Bartoschik Tanja, Gupta Amit, Kern Beate, Hitchcock Andrew, Adams Nathan B P, Tschammer Nuska
NanoTemper Technologies GmbH, Munich, Germany.
Department of Molecular Biology and Biotechnology, University of Sheffield, Sheffield, UK.
Methods Mol Biol. 2020;2168:51-62. doi: 10.1007/978-1-0716-0724-4_2.

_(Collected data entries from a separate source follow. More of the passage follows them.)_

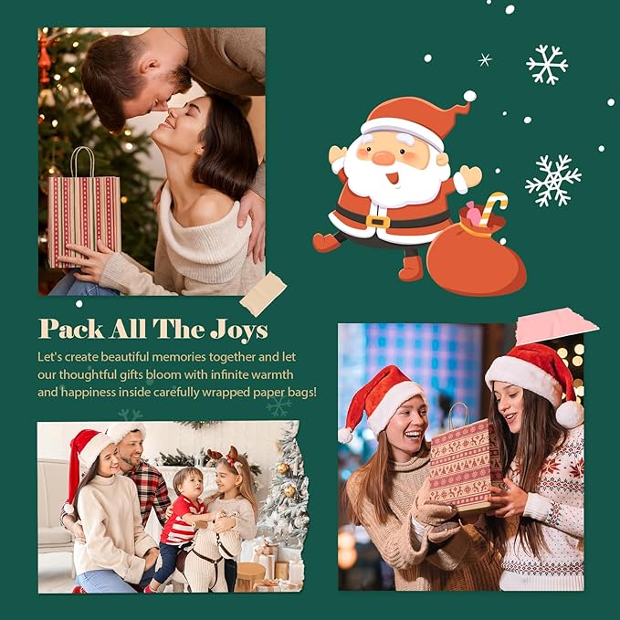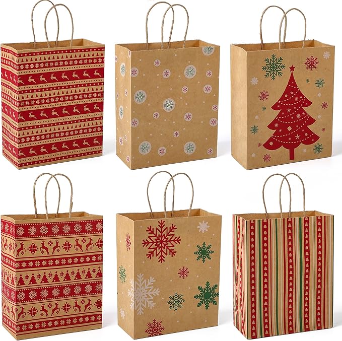 - 【Multi functional Kraft gift bag】Great for packaging candy, cookies, gifts, souvenirs, and a very popular Christmas gift bag for kids and friends.This high-quality kraft paper gift bag is perfect for Christmas gift packaging, holiday gifts, Christmas decorations, and more. They are essential items for the Christmas holiday. It is also the best choice for wrapping gifts for family and friends.
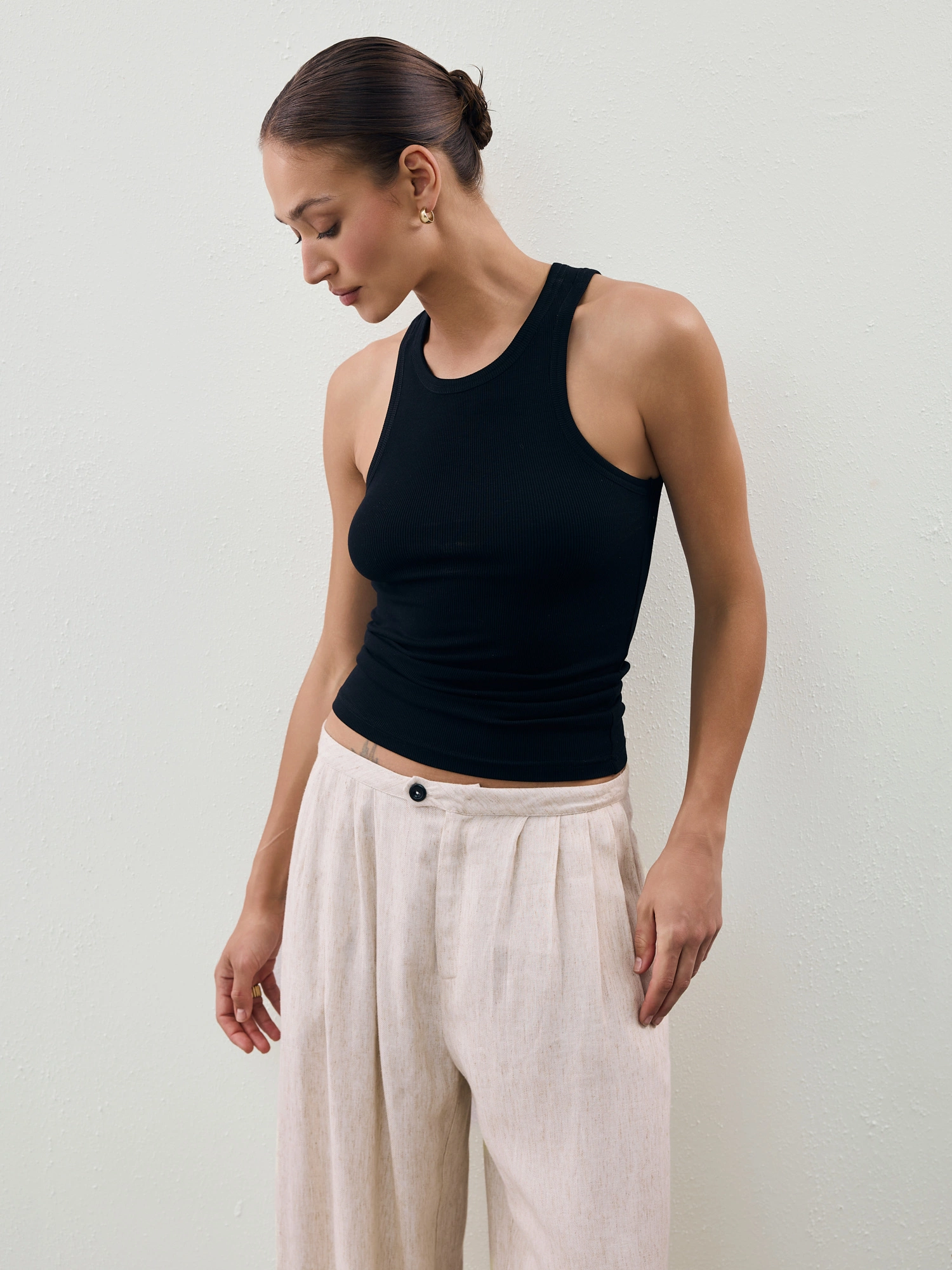 Tank top made from ultra-soft, skin-friendly EcoVero viscose blended with a touch of elastane. The ribbed texture allows the fabric to perfectly hug your figure—it's flexible, breathable, and incredibly comfortable. Wear it in a sporty look with joggers, or dress it up with tailored pants or your favorite jeans. This top is a versatile wardrobe essential you'll reach for time and again, no matter the occasion.
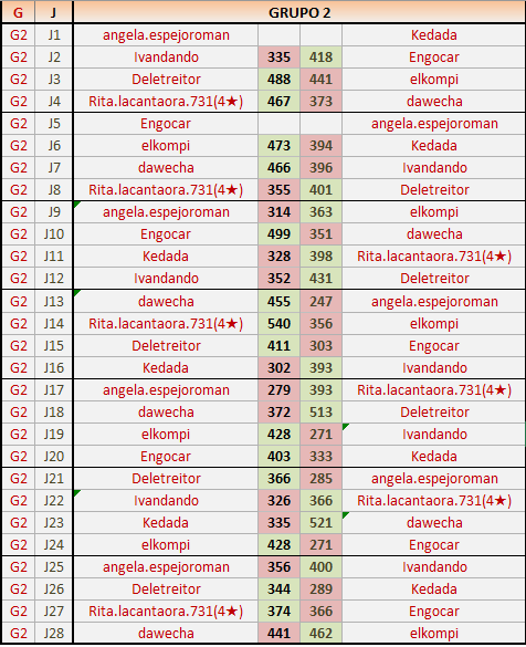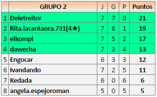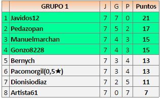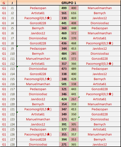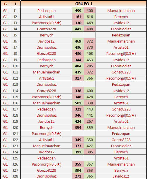 Deja un comentarioEn está página se irán publicando los resultados de las diferentes partidas, siendo ambos jugadores responsables de subirlos o de comprobar que ya hayan sido publicados insertando un COMENTARIO en la parte inferior de la pantalla (opción “Deja tu comentario”), indicando el nombre de los dos jugadores y los puntos obtenidos en la partida.

The combination of MicroScale Thermophoresis (MST) and near-native site-specific His-tag labeling enables simple, robust, and reliable determination of the binding affinity between proteins and ligands. To demonstrate its applicability for periplasmic proteins, we provide a detailed protocol for determination of the binding affinity of phosphite to three ABC transporter periplasmic-binding proteins from environmental microorganisms. ABC transporters are central to many important biomedical phenomena, including resistance of cancers and pathogenic microbes to drugs. The protocol described here can be used to quantify protein-ligand and protein-protein interactions for other soluble, membrane-associated and integral membrane proteins.
微量热泳技术(MST)与近天然位点特异性组氨酸标签标记相结合,能够简单、稳健且可靠地测定蛋白质与配体之间的结合亲和力。为证明其对周质蛋白的适用性,我们提供了一份详细方案,用于测定亚磷酸盐与三种来自环境微生物的ABC转运蛋白周质结合蛋白的结合亲和力。ABC转运蛋白在许多重要的生物医学现象中起着核心作用,包括癌症和致病微生物对药物的抗性。此处所述的方案可用于量化其他可溶性、膜相关和整合膜蛋白的蛋白质-配体以及蛋白质-蛋白质相互作用。